----- SUPPLIED INFORMATION

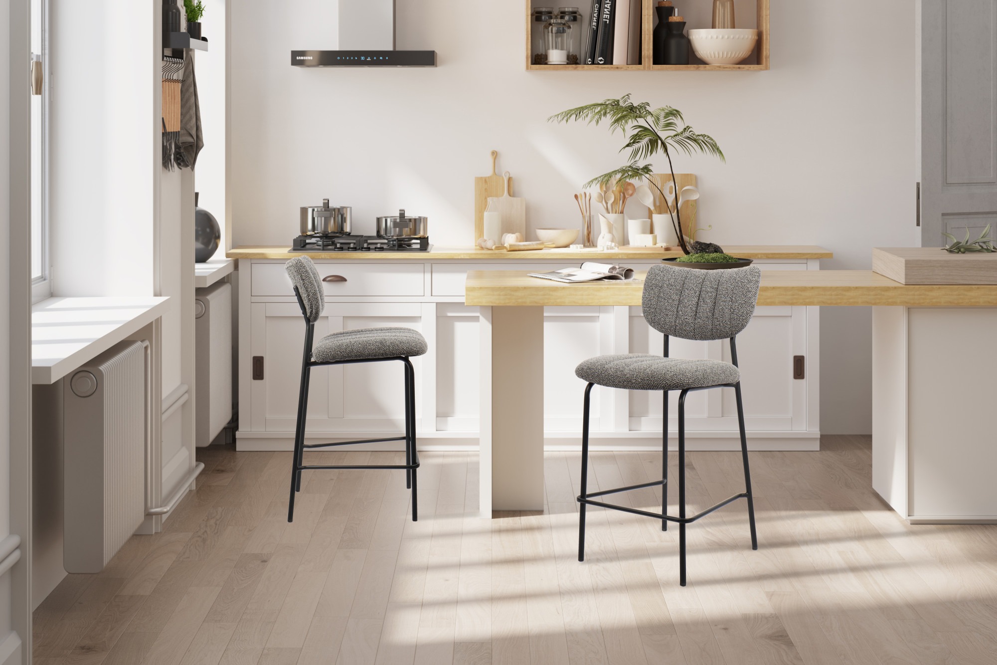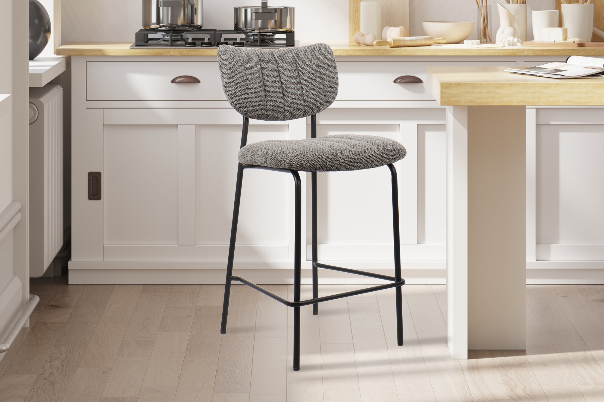 Elegante donkergrijze kruk ‘Antura’ van stof, perfect voor aan een keukeneiland of hoge tafel. Afmetingen 97 x 46 x 53 cm..
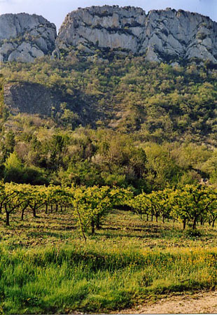 Le chemin serpente entre vergers, lavandes, tilleuls, sous le regard du rocher St Julien.
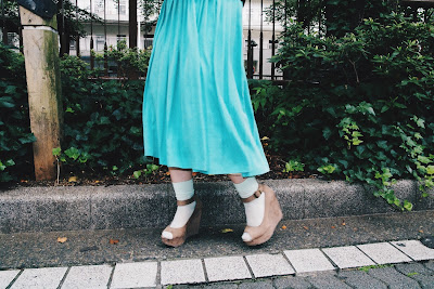 下に合わせたのは、綺麗なミントカラーのプリーツスカート。
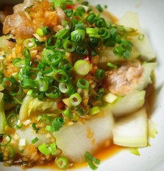 あー、ラーメン画像早くアップしないかな!って待ってる方も多いかな?と(じらしてる訳じゃありませんが)、今夜久しぶりの登場は「白菜と塩豚の酢蒸し」!特性中華香味だれでさっぱりどうそ!(お)
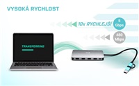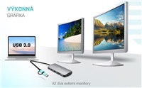 - Vysoce výkonná cestovní dokovací stanice až pro tři monitory současně
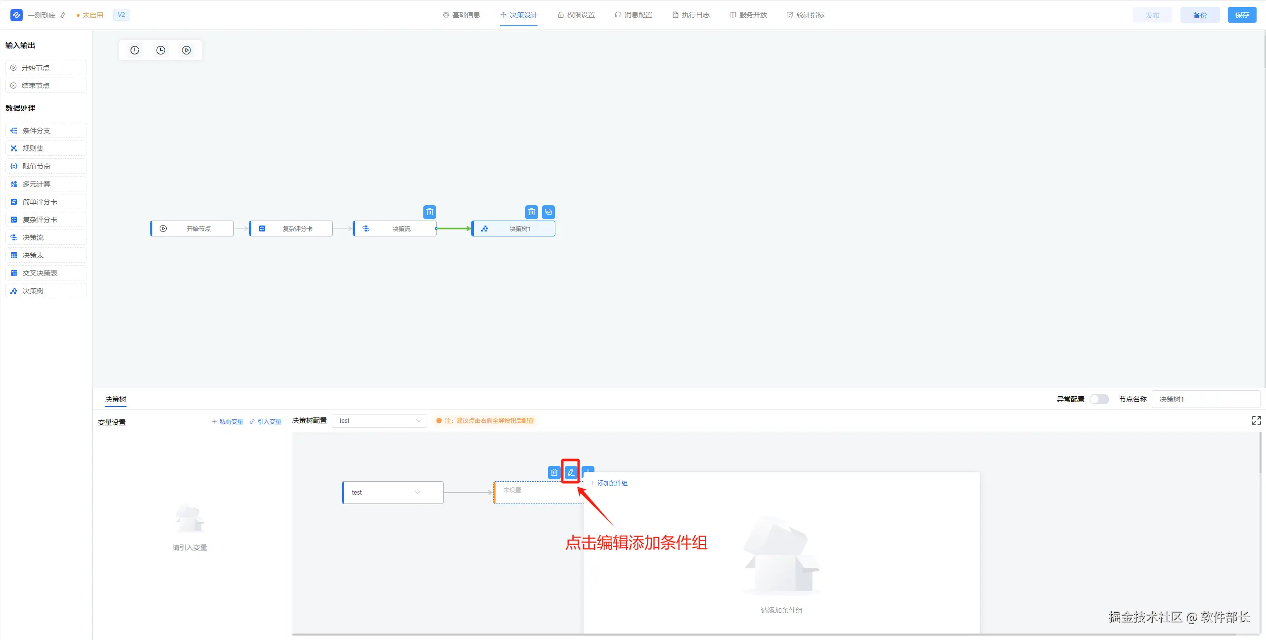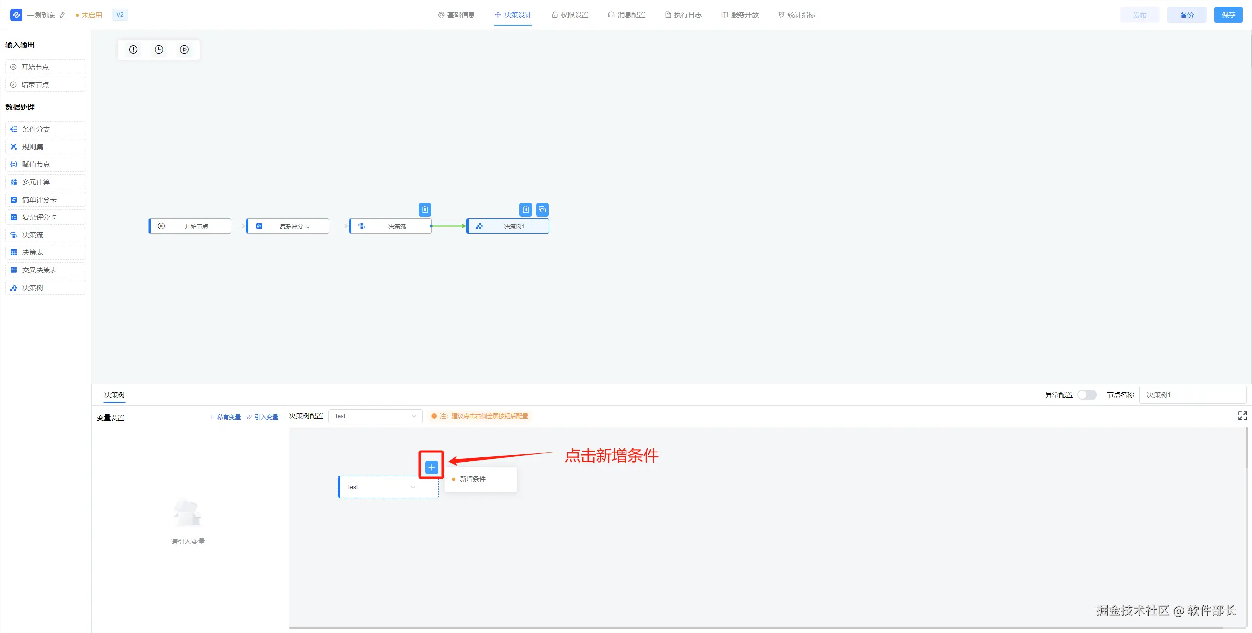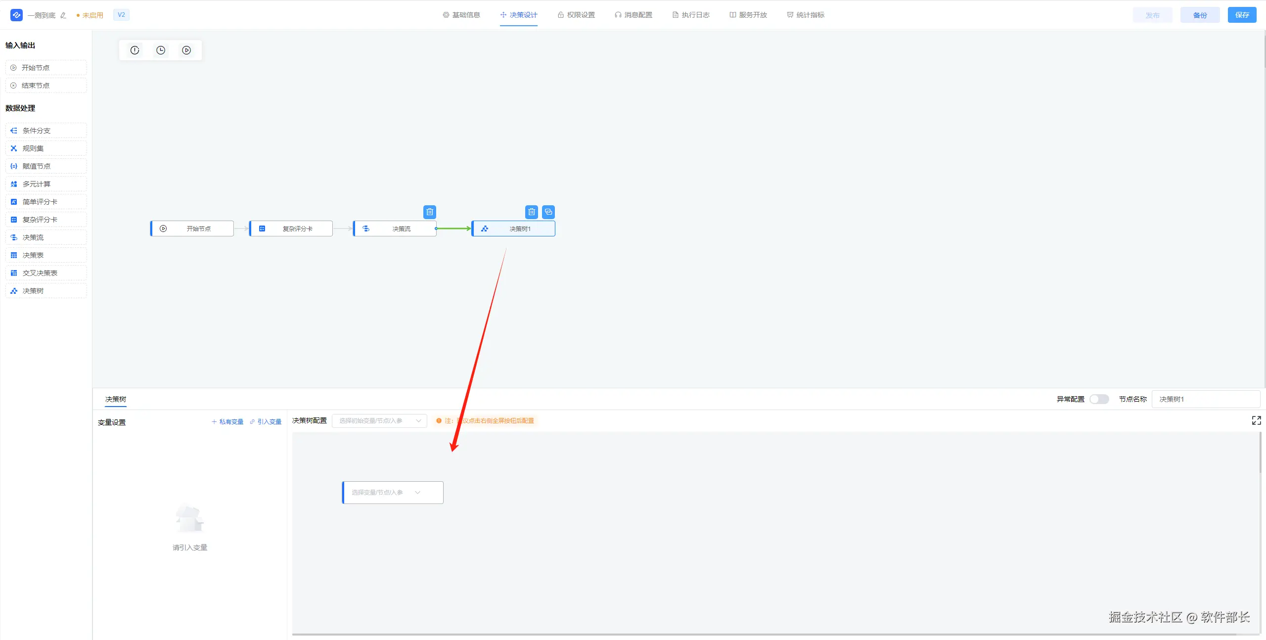2、点击决策树,进入决策树配置

----------

> [YOUR GOAL] All that is needed is the lines from the line holding "あー、ラーメン画像早くアップ" to the final line of the listing above, repeated exactly, pictures excluded.

> [ANSWER SECTION]
 あー、ラーメン画像早くアップしないかな!って待ってる方も多いかな?と(じらしてる訳じゃありませんが)、今夜久しぶりの登場は「白菜と塩豚の酢蒸し」!特性中華香味だれでさっぱりどうそ!(お)
 - Vysoce výkonná cestovní dokovací stanice až pro tři monitory současně
2、点击决策树,进入决策树配置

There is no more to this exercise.